Der Ring in Minden was a project to stage Richard Wagner's cycle Der Ring des Nibelungen at the Stadttheater Minden, beginning in 2015 with Das Rheingold, followed by the other parts in the succeeding years, and culminating with the complete cycle performed twice in 2019. The stage director was Gerd Heinz, and Frank Beermann conducted the Nordwestdeutsche Philharmonie, playing on the stage of the small theatre. The singers acted in front of the orchestra, making an intimate approach to the dramatic situations possible. The project received international recognition and was compared favourably to the Bayreuth Festival.

== History ==
In 1999, a project to show stage works by Richard Wagner was begun by the Richard-Wagner-Verband in Minden, the Stadttheater Minden and the Nordwestdeutsche Philharmonie. Jutta Hering-Winckler, the president of the Richard-Wagner-Verband, was the driving force of the Wagner project, and particularly the Ring in Minden. The first work presented was Der fliegende Holländer in 2002, followed by Tannhäuser in 2005, staged by Keith Warner and conducted by Frank Beermann. After Lohengrin in 2009 and Tristan und Isolde in 2012, the Ring project, aiming to present the complete Der Ring des Nibelungen, opened in 2015 with Das Rheingold. It was followed a year later by Die Walküre, in 2017 by Siegfried, and in 2018 by Götterdämmerung. In 2019, the complete cycle was presented twice.
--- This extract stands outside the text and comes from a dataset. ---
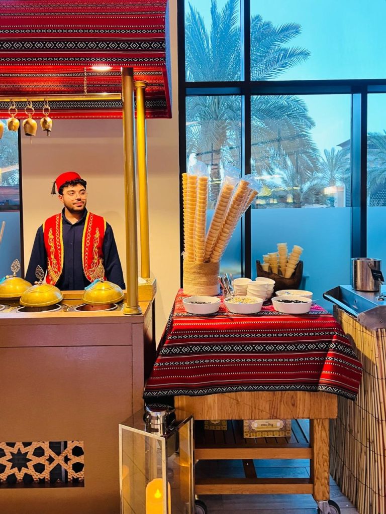 كما يبرز ركن الحلويات الإماراتية ذات الطابع البيتي الذي تم تطويره بالتعاون مع الشيف فاطمة، شيف الحلويات الإماراتية في المنتجع والمتخصصة في الحلويات المحلية والعالمية والوصفات التقليدية المحضّرة داخل المطبخ، احتفاءً بالحرفية والتراث ويضيف ركن الكنافة لمسة حسية مميزة، حيث تُقدَّم الكنافة طازجة وساخنة طوال الأمسية.

In 2019, the Rheingold production was presented in a concert version as the opening of the Kissinger Sommer festival supported by the state of Bavaria.

== Stage and team ==
As the pit of the theatre is too small for a Wagner opera, the orchestra was positioned at the back of the stage, separated by a gauze curtain from the singers acting in front. Depending on the lighting, the orchestra and the conductor could be visible or hidden. The singers acted close to the audience as in a play, many of them playing several roles.

Throughout the Wagner project, Frank Beermann conducted the Nordwestdeutsche Philharmonie, a symphony orchestra which normally plays no operas. The stage and costumes were designed by Frank Philipp Schlößmann, who was the stage director for Tankred Dorst's presentation of the Ring Cycle at the Bayreuth Festival from 2006 to 2010. In Minden, he had designed the set for Tristan und Isolde.

Schlößmann designed a large ring, illuminated in different colours, as a portal to the stage, with a smaller ring appearing at times in the background. A spiral staircase on the left made the balcony accessible from the stage, and sparsely used elements such as stylized tree trunks suggested scenery. The director of the Ring was Gerd Heinz, who focused on the psychological relations between the characters. He had the funeral march for Siegfried played without a background, as a symphonic poem on violence. In his version of the final music, all performers return to the stage, turning their back to the audience and listening to the music, which has the last word ("das letzte Wort"), leaving questions of resignation, end of the world or hope for renewal open.

== Reception ==
The performances were attended and reviewed internationally, including by the Austrian Online Merker. Reviews by Eleonore Büning in the Frankfurter Allgemeine Zeitung (FAZ) compared the productions favourably with those of the Bayreuth Festival and noted that singers made their way to Bayreuth from Minden. Reviews also appeared in the Neue Musikzeitung (NMZ) and the Online Musik Magazin (OMM), among others.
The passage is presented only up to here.